*Exercise*
Exactly and only the lines below from the one containing "The bathroom is" down to the one containing "PL2303SALF数据手册" are wanted, both included; please exclude every picture.

*Exercise material*
^^^^

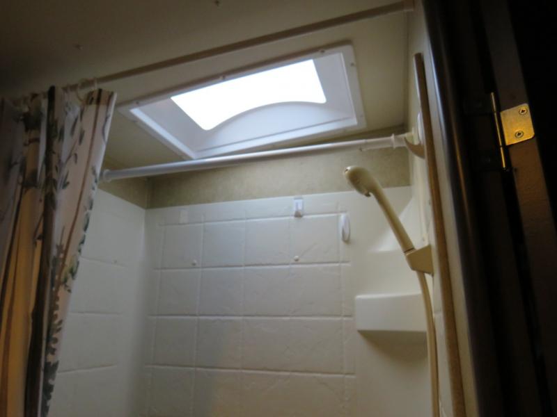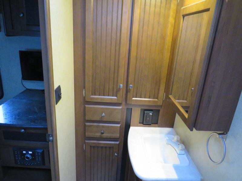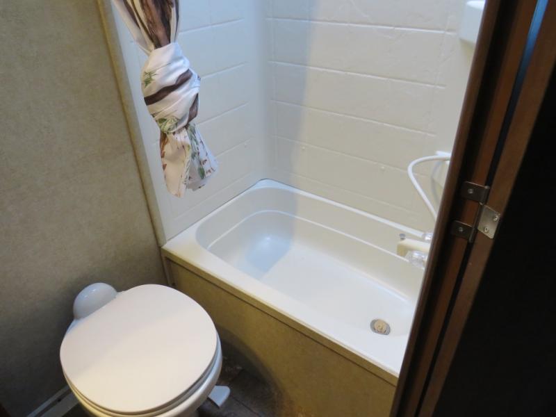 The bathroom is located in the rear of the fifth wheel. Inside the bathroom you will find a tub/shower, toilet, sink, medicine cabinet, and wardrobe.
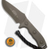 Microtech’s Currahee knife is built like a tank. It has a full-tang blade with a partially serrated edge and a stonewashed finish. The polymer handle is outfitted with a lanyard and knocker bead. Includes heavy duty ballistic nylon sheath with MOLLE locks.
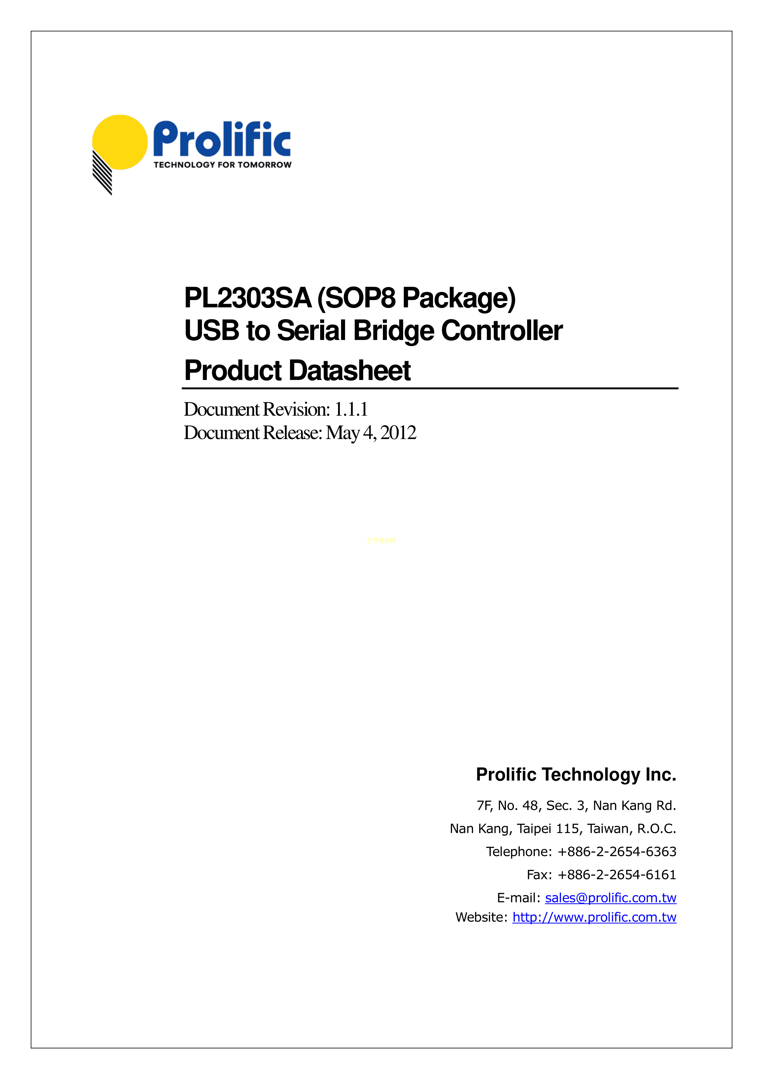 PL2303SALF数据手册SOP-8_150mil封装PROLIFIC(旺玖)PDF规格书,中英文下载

^^^^

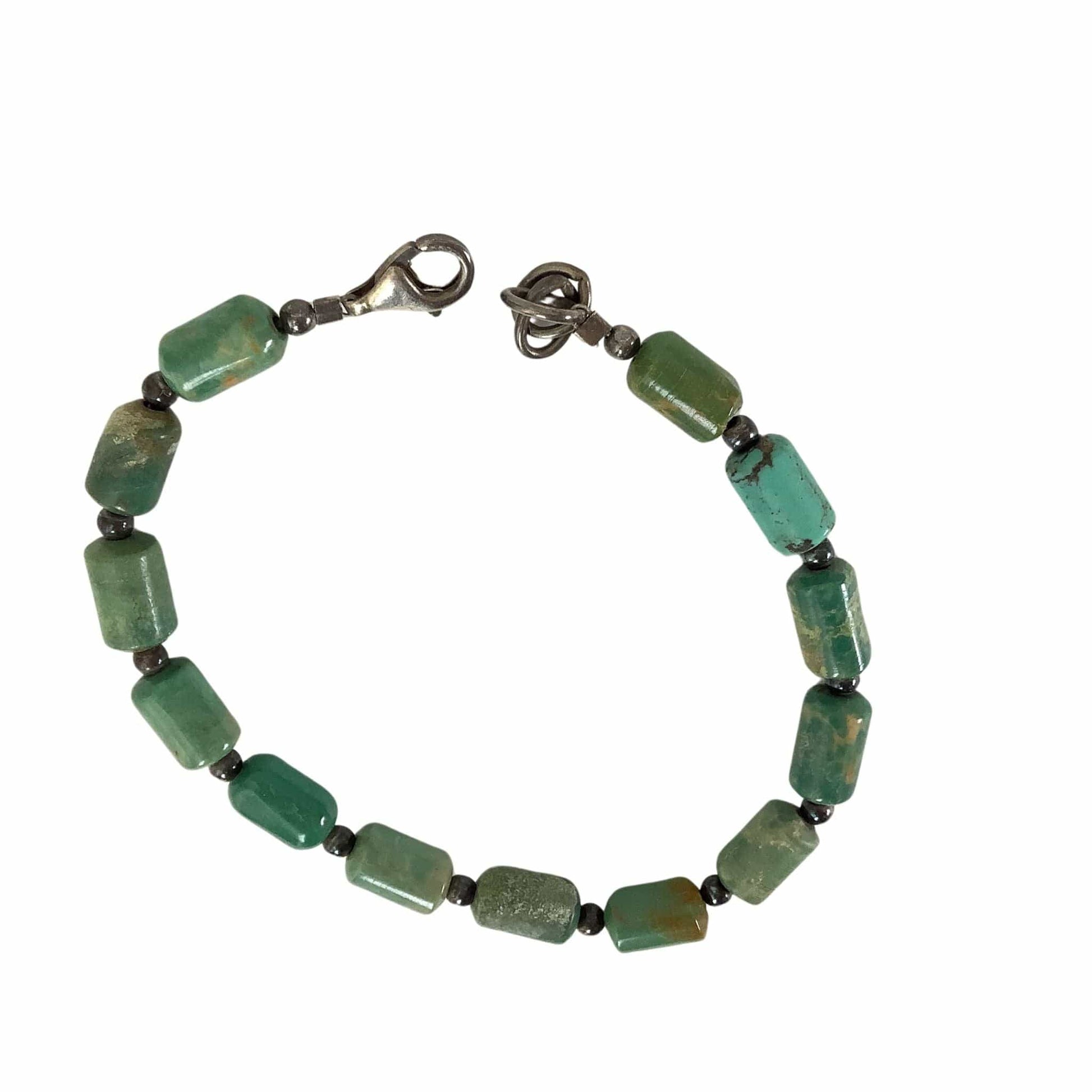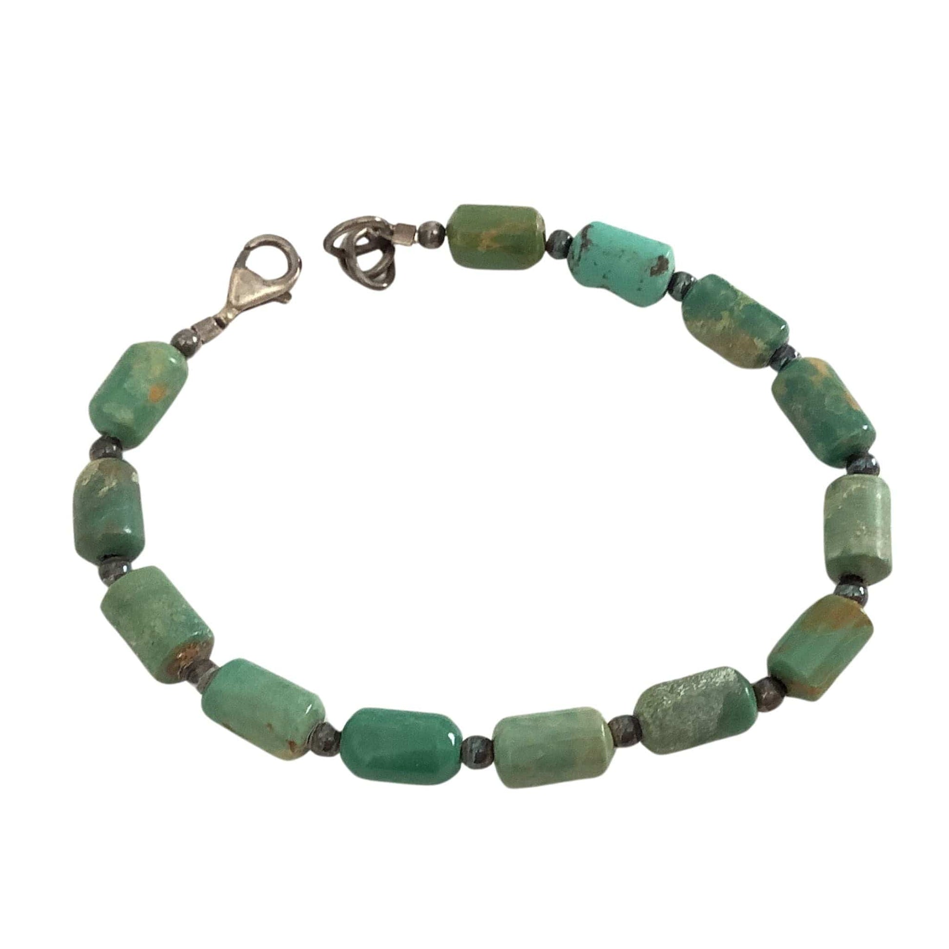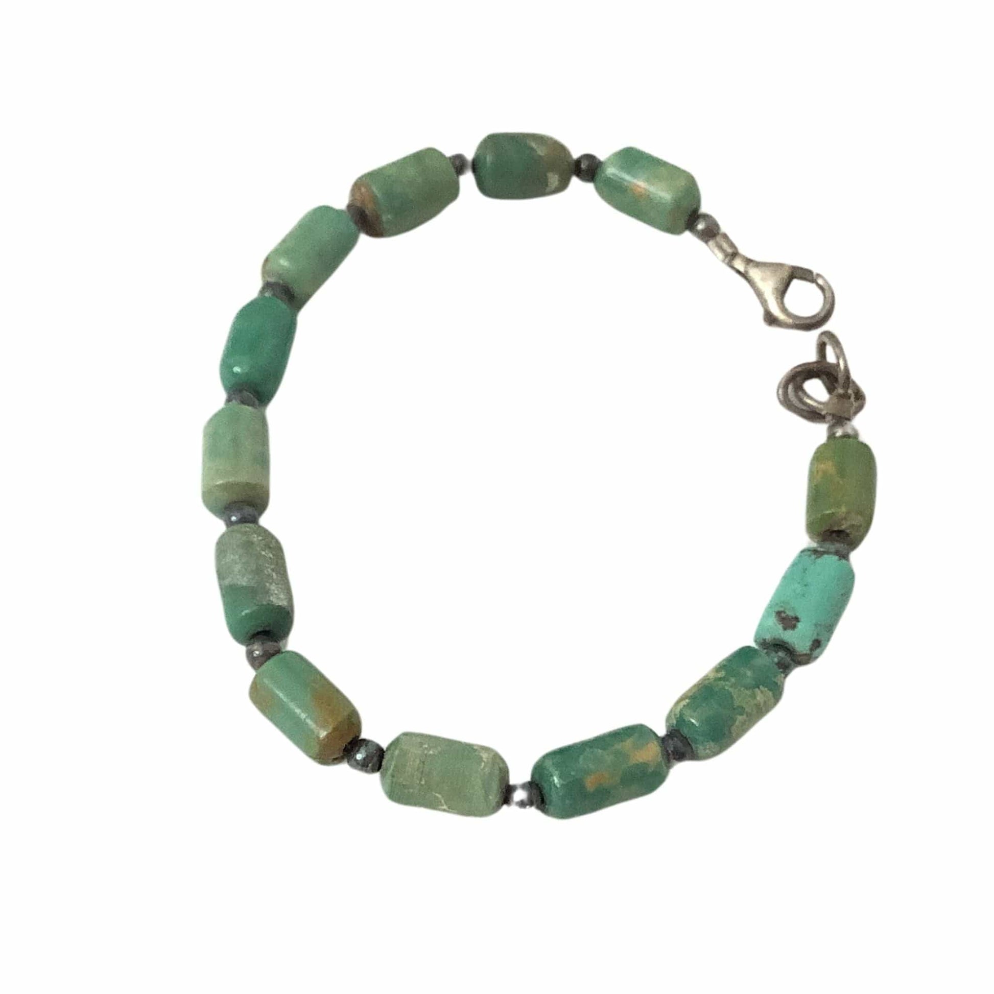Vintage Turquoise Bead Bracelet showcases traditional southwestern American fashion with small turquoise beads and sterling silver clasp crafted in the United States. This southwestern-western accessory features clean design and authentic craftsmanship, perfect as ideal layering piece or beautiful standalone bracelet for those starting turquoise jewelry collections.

^^^^

*The completed task*
 The bathroom is located in the rear of the fifth wheel. Inside the bathroom you will find a tub/shower, toilet, sink, medicine cabinet, and wardrobe.
 Microtech’s Currahee knife is built like a tank. It has a full-tang blade with a partially serrated edge and a stonewashed finish. The polymer handle is outfitted with a lanyard and knocker bead. Includes heavy duty ballistic nylon sheath with MOLLE locks.
 PL2303SALF数据手册SOP-8_150mil封装PROLIFIC(旺玖)PDF规格书,中英文下载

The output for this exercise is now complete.